Who was Leonhard Euler and what is he known for?

Leonhard Euler was a Swiss polymath born in Basel on the 15th of April 1707, active as a mathematician, physicist, astronomer, logician, geographer, music theorist and engineer. He founded graph theory and topology and is regarded as arguably the most prolific contributor in the history of mathematics and science, and the greatest mathematician of the 18th century.

What mathematical notation did Leonhard Euler introduce?

Leonhard Euler introduced or popularized much of modern mathematical notation, including the concept of a function and the notation for a function applied to its argument. He used the letter e for the base of the natural logarithm, the letter i for the imaginary unit, the Greek capital sigma for summations, and popularized the Greek letter pi, which originated with William Jones.

Where did Leonhard Euler spend his career?

Leonhard Euler spent most of his adult life in Saint Petersburg, Russia, and in Berlin, then the capital of Prussia.

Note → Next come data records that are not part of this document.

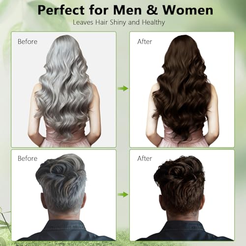 Dark Brown Hair Dye Shampoo for Women & Men, 15 Min Gray Coverage, 3 in 1 Semi-Permanent Color with Natural Herbal Ingredients, Lasts 60 Days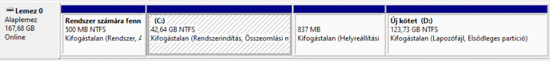 Viszont bő 5 éve nem kalkuláltam bele, hogy 45 GB kevés lesz a win10-nek, és így néznek ki a lemezkezelőben az ssd partíciói: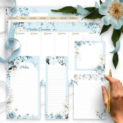 Kit Desk Planners e Bloquinhos Coleção Floral Azul + Brinde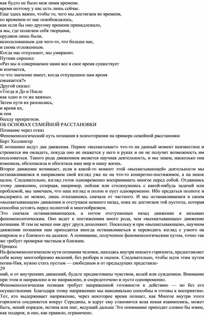 Берт Хеллингер. Познание через отказ. Феноменологический путь познания в психотерапии на примере семейной расстановки .......................................................................... 29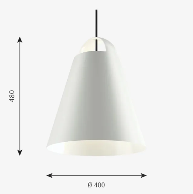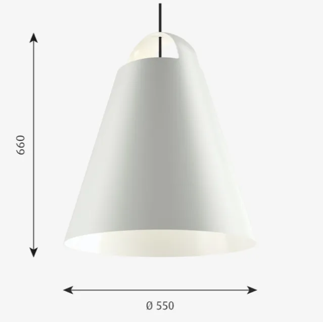 Armaturen gir et nedadrettet mykt og komfortabelt lys. Den kjegleformede fasongen og den matte, hvitlakkerte innsiden bidrar til spredning av lyset. Åpningen i toppen av armaturen gir en dekorativ egen opplysning av buen øverst og gjør at armaturen visuelt beholder hele sin form både i tent og slukket tilstand.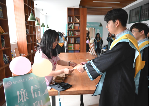 “廉信小印”区,辅导员将漫游四年的信件送到同学们手中。这些信件承载着同学们四年的成长记忆,见证了他们从青涩学子蜕变为有志青年。工作人员分发了学院特别定制的专属纪念章,希望毕业生在未来人生道路上,能够不忘初心、廉洁自律,成为社会的栋梁之才。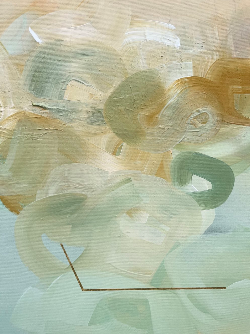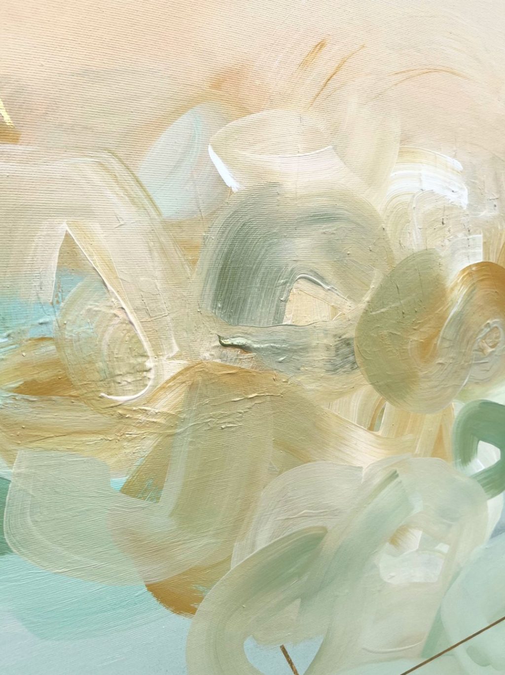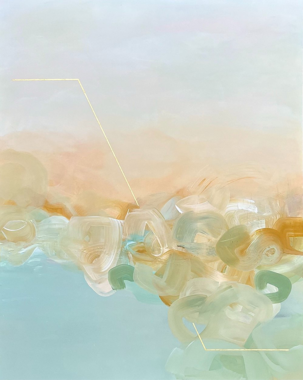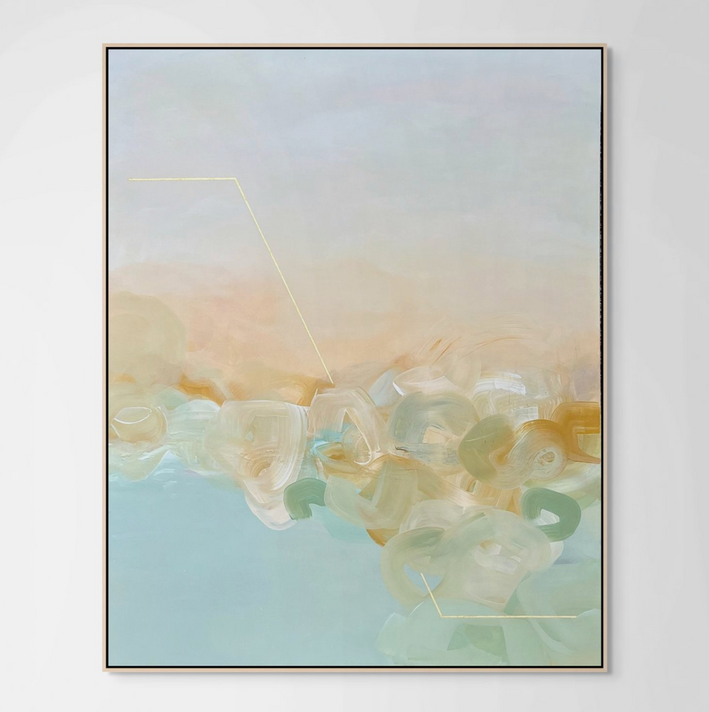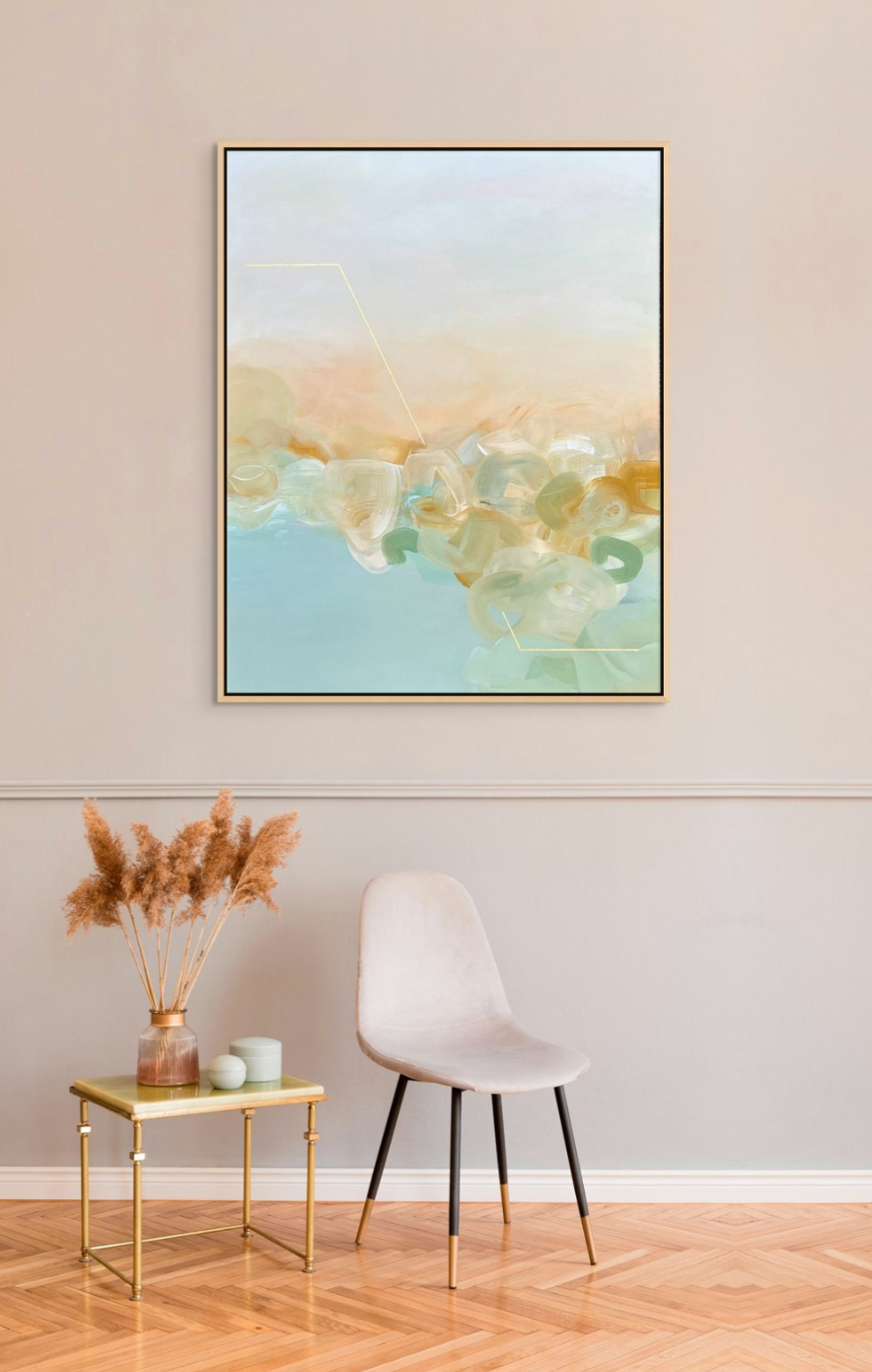 A friss finom színek és nyugodt formák egyvelege ez az egyedi festmény.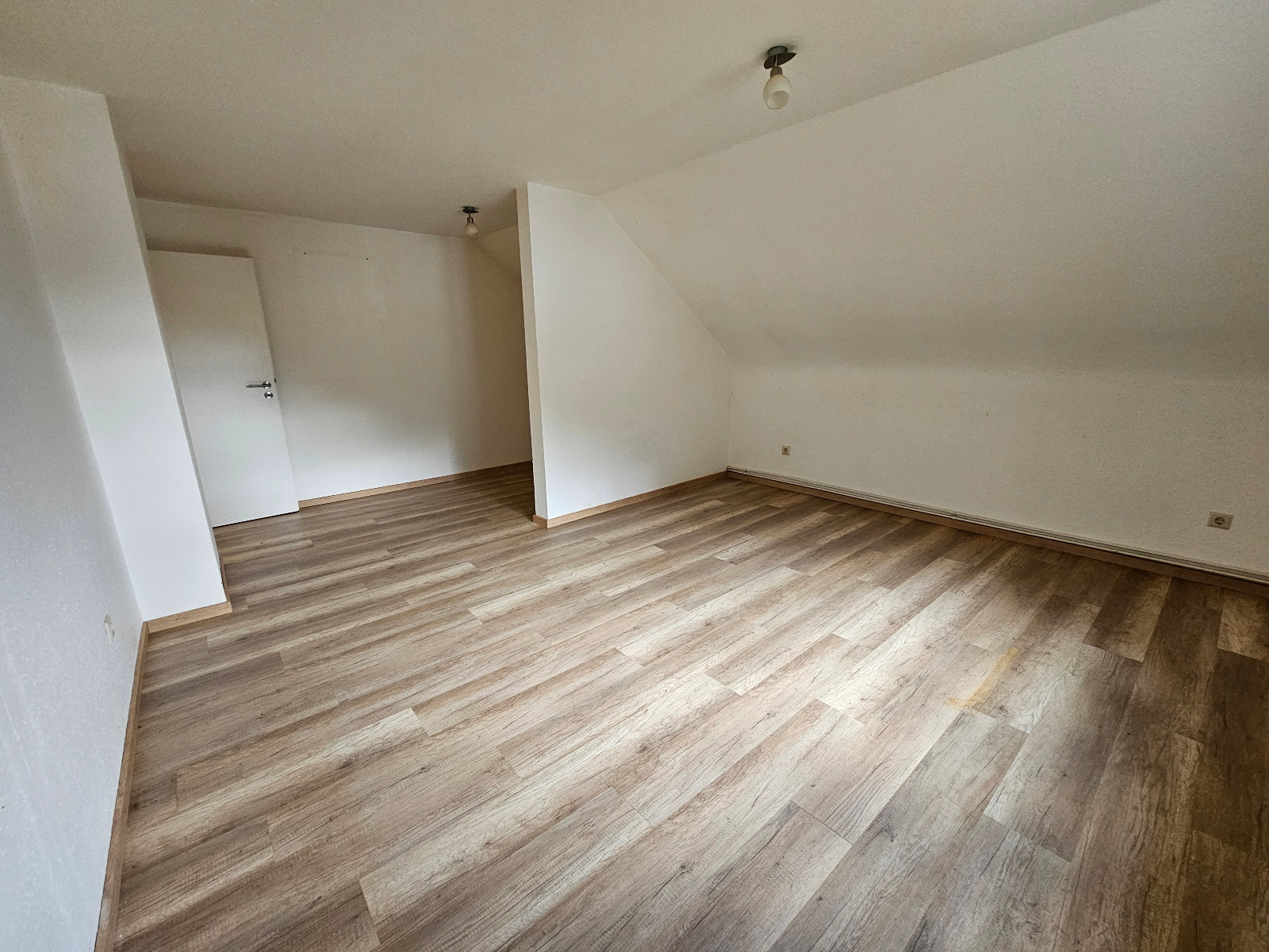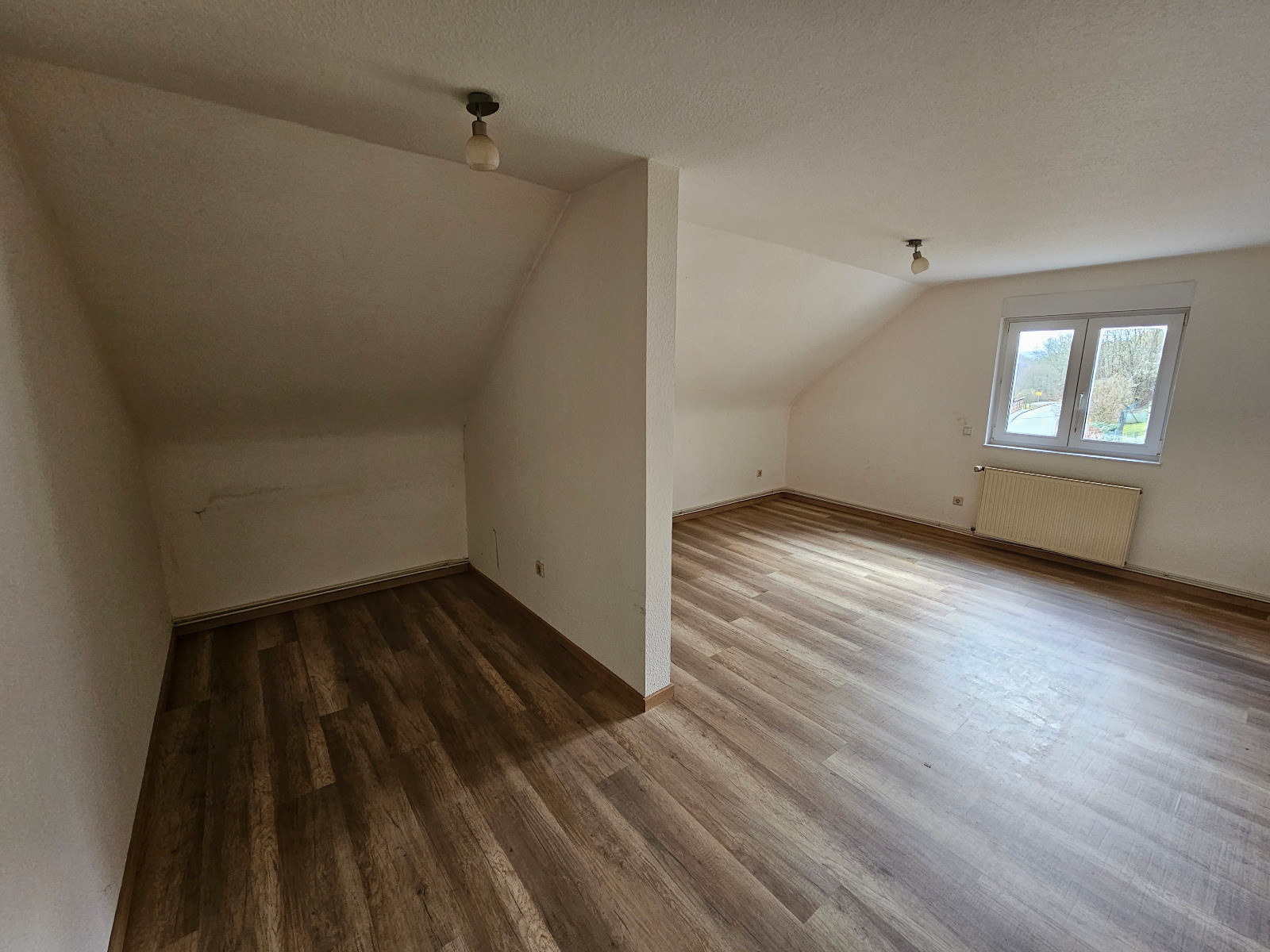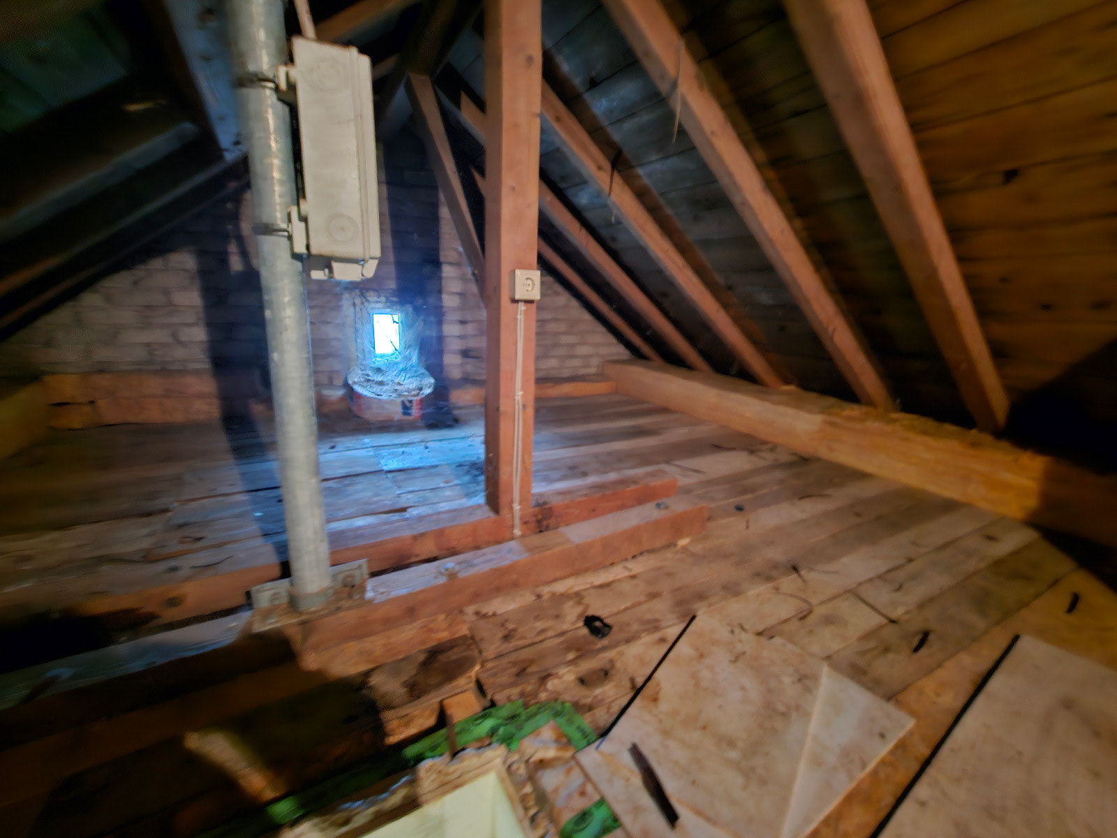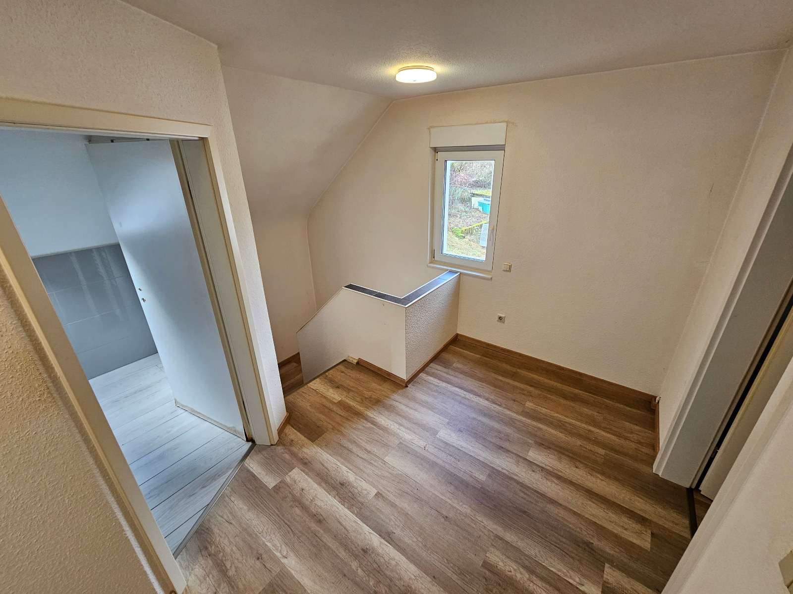 Das Obergeschoss umfasst drei Zimmer, einen Flur sowie ein weiteres Badezimmer mit Dusche und Dachfenster. Der Dachboden ist über eine ausziehbare Treppe erreichbar und bietet zusätzliche Nutz- und Abstellfläche.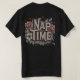 The "Nap Time" t-shirt design exudes a sense of relaxation and comfort, featuring an adorable and sleepy cartoon character nestled in a cosy bed. The character is surrounded by fluffy pillows and soft blankets, with a peaceful expression and closed eyes. Gentle pastel colours and soothing background elements like stars and moons enhance the tranquil vibe. The phrase "Nap Time" is whimsically displayed above, adding to the overall charm. This design is perfect for anyone who cherishes their downtime and the simple joy of a good nap.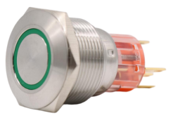 φ22不锈钢标准型按钮开关 特点:不锈钢材质,耐腐蚀、耐磨损,外观高档;多种灯带样式(单点/环形/带电源标识/颜色灯带),视觉醒目,功能指示明确;IP67高防护:防尘防水,适应严苛环境。推荐系列:ZHB35、ZHB36 。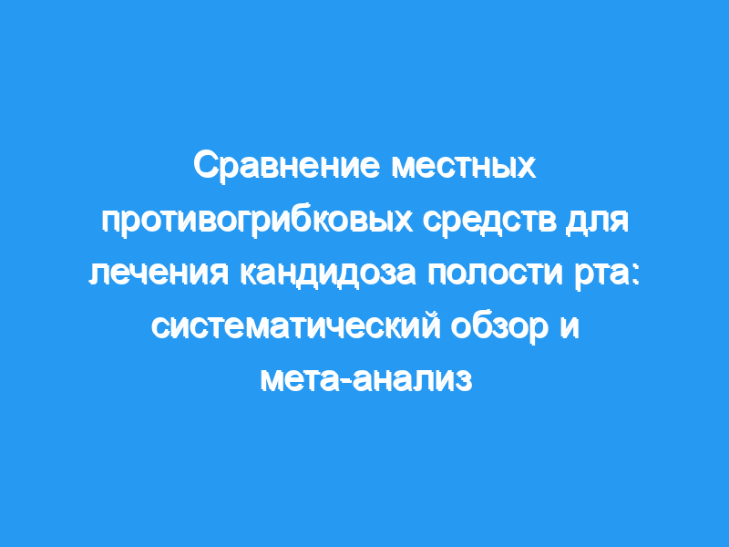 Сравнить эффективность и безопасность местных противогрибковых препаратов при кандидозе полости рта у взрослых и детей. Дизайн исследования: Поиск в базах данных проводился с момента их создания до декабря 2020 года. Критерием включения были рандомизированные контролируемые исследования, в которых сравнивались местные противогрибковые средства. Первичными результатами были клинический ответ и показатели микологического излечения. Вторичными исходами были частота побочных реакций и частота рецидивов.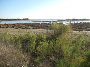 Encuentro pozas, lagunas someras de mar invadiendo las tierras bajas de la desembocadura del río Almanzora, donde el caudal resulta intermitente –un poco más arriba el embalse de Cuevas retiene el caudal- y a veces se desparrama en charcas pedregosas ribeteadas de eneas, cañas y carrizos, que ocultan patos y ánades variadas, fochas y garcetas, que a estas horas escarban al encuentro de su desayuno. A pesar del cuidado que pongo, mi paso o mi silueta les hacen levantar el vuelo alarmadas.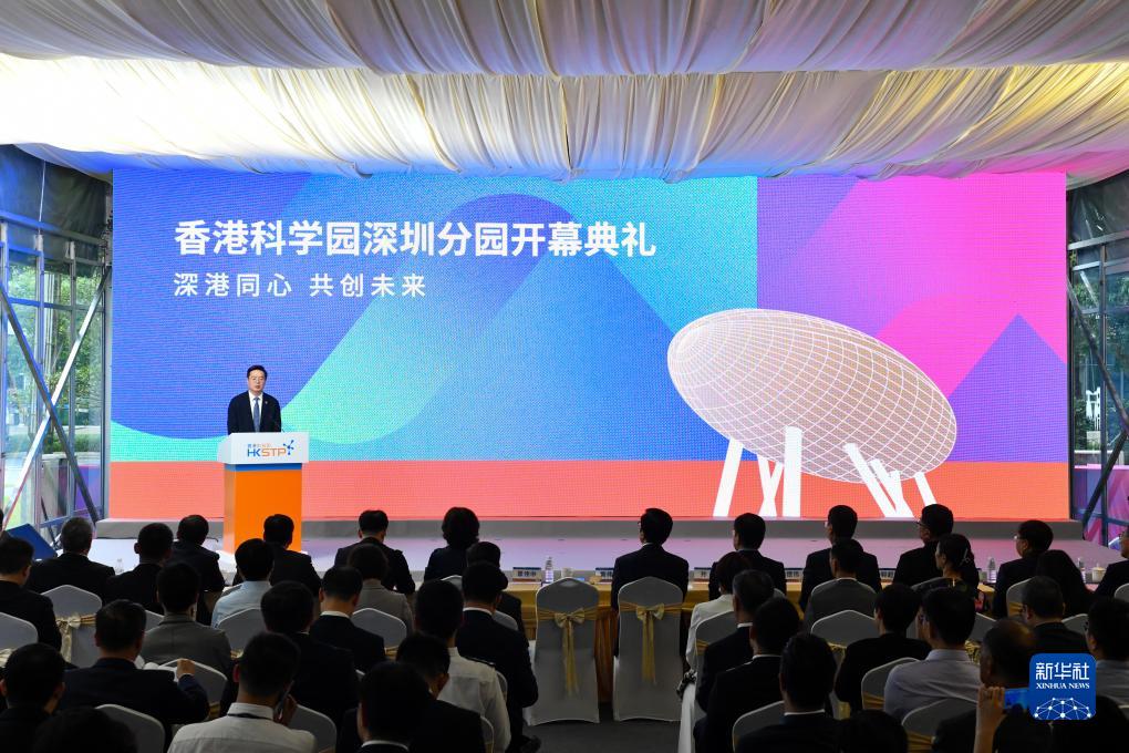 9月7日拍攝的河套深港科技創(chuàng )新合作區深圳園區內的香港科學(xué)園深圳分園開(kāi)幕典禮現場(chǎng)。

He arrived in Saint Petersburg in May 1727, lived twenty-five years in Berlin from 1741, and returned to Saint Petersburg in 1766, where he died in 1783.

How did Leonhard Euler solve the Seven Bridges of Konigsberg problem?

In 1735 Leonhard Euler proved that it was not possible to follow a path crossing each of Konigsberg's seven bridges exactly once. The city sat on the Pregel River with two large islands connected by the bridges, and his solution is considered the first theorem of graph theory.

Did Leonhard Euler go blind?

Yes, Leonhard Euler became almost blind in his right eye in 1738 and, after a cataract was discovered in his left eye in 1766, complications left him almost totally blind. His productivity barely suffered, and in 1775 he produced on average one mathematical paper per week with the aid of his scribes.

How did Leonhard Euler die?

Leonhard Euler died of a brain hemorrhage in Saint Petersburg on the 18th of September 1783, after a lunch with his family, while discussing the newly discovered planet Uranus and its orbit with his student Anders Johan Lexell. The Marquis de Condorcet wrote that he ceased to calculate and to live.